After he retired, Mr. Elidrissi intended to write a tell-some book. It was to include, he said, his reflections, however brief, on every president he had met, from Lyndon B. Johnson to Barack Obama. “He started writing stories down, and I would transcribe them, but we didn’t get to finish,” his daughter Rajaa said. He had plenty to tell.
Such as when Lucille Ball demanded breakfast at 5 a.m., or when Eddie Fisher ordered 40 sandwiches for friends after a late-night supper club performance, or when Jerry Lewis checked in at 3 a.m. and cavorted down a corridor ringing the bells of rooms as he passed.
He remembered encountering Ronald Reagan during the 1980 presidential campaign against Jimmy Carter.

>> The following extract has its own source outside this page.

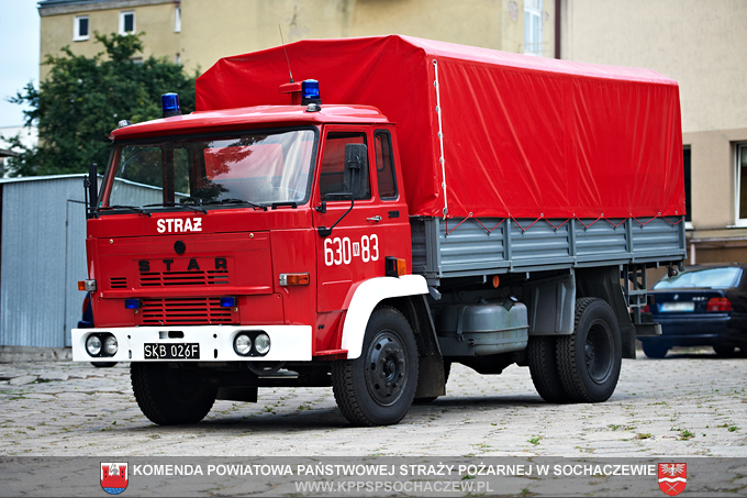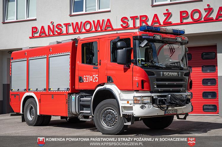 631[M]21 – GBA 3,2/28 Volvo FL 4x4 – średni samochód ratowniczo-gaśniczy wyposażony w zbiornik na wodę o pojemności 3,2 m3 oraz autopompę o wydajności 2800 litrów/minutę przy ciśnieniu 8 bar. W sochaczewskiej jednostce pojazd pełni rolę „pierwszego wyjazdowego”. Zabudowa Bocar. Rok produkcji 2023.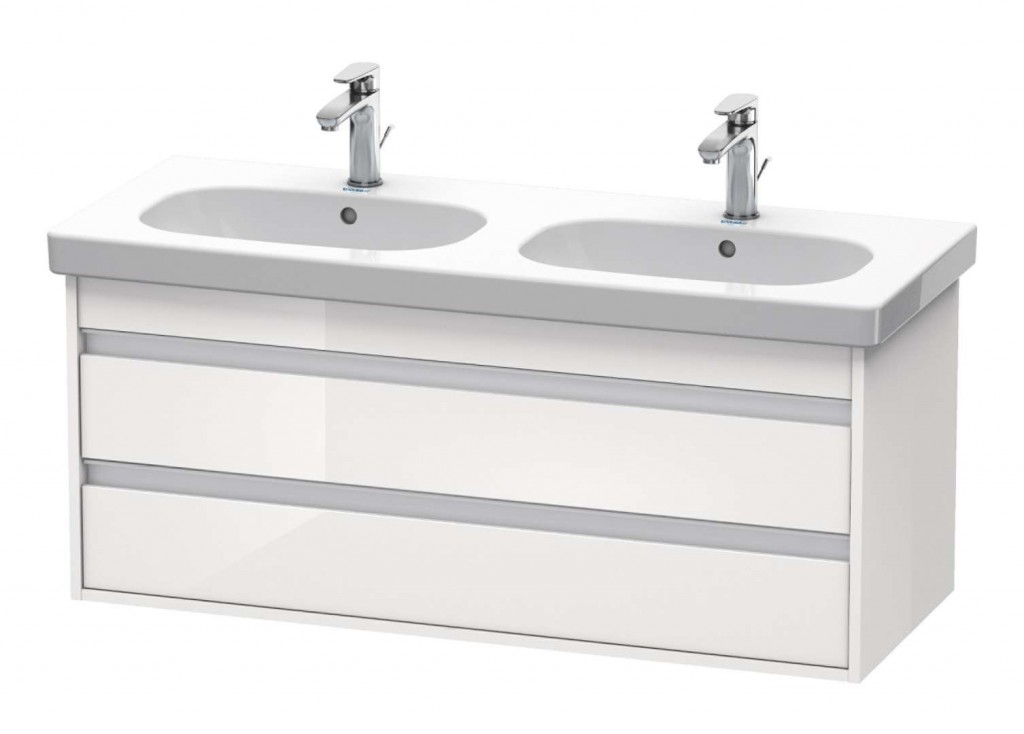 Závěsná skříňka pro dvojumyvadlo rozměry: 480 x 1150 x 455 mm materiál: vysoce kompaktní třívrstvá DTD, na obou stranách slisovaná s laminátem HPL, hrany ABS barva: bílá vysoký lesk 2 x zásuvka, horní zásuvka s výřezem pro sifon a krytkou sifonu ergonomické úchytky pro otevírání instalace: zavěšením na stěnu, sifon šetřící místo není součástí balení Ilustrativní foto, dvojumyvadlo není součástí balení, je třeba objednat samostatně. (viz. související výrobky)

“‘Here you go, Mr. President,’” he recalled saying in greeting the candidate, “and he goes, ‘No, no, don’t call me that yet!’ So I say, ‘Look, Mr. President, you’re going to win and when you win send me something for my son.’ Later that year, he sent us a signed picture made out to my son.”
When Reagan returned to the hotel years after leaving office, he greeted Mr. Elidrissi by saying, “‘You’re still here, Jim!’”
Mr. Elidrissi’s rule about chatting with the rich and famous was simple, he told Town & Country in 2017: “I treat them like any other guest. I’m friendly, I talk to you, and we connect right away.”
That was just the way Mr. Elidrissi expected to be treated when he was a guest, say, at his favorite neighborhood diner in Elmhurst, Queens. “I like tomato juice, and the guys know that,” he said. “They welcome me back. It’s the best kind of service.”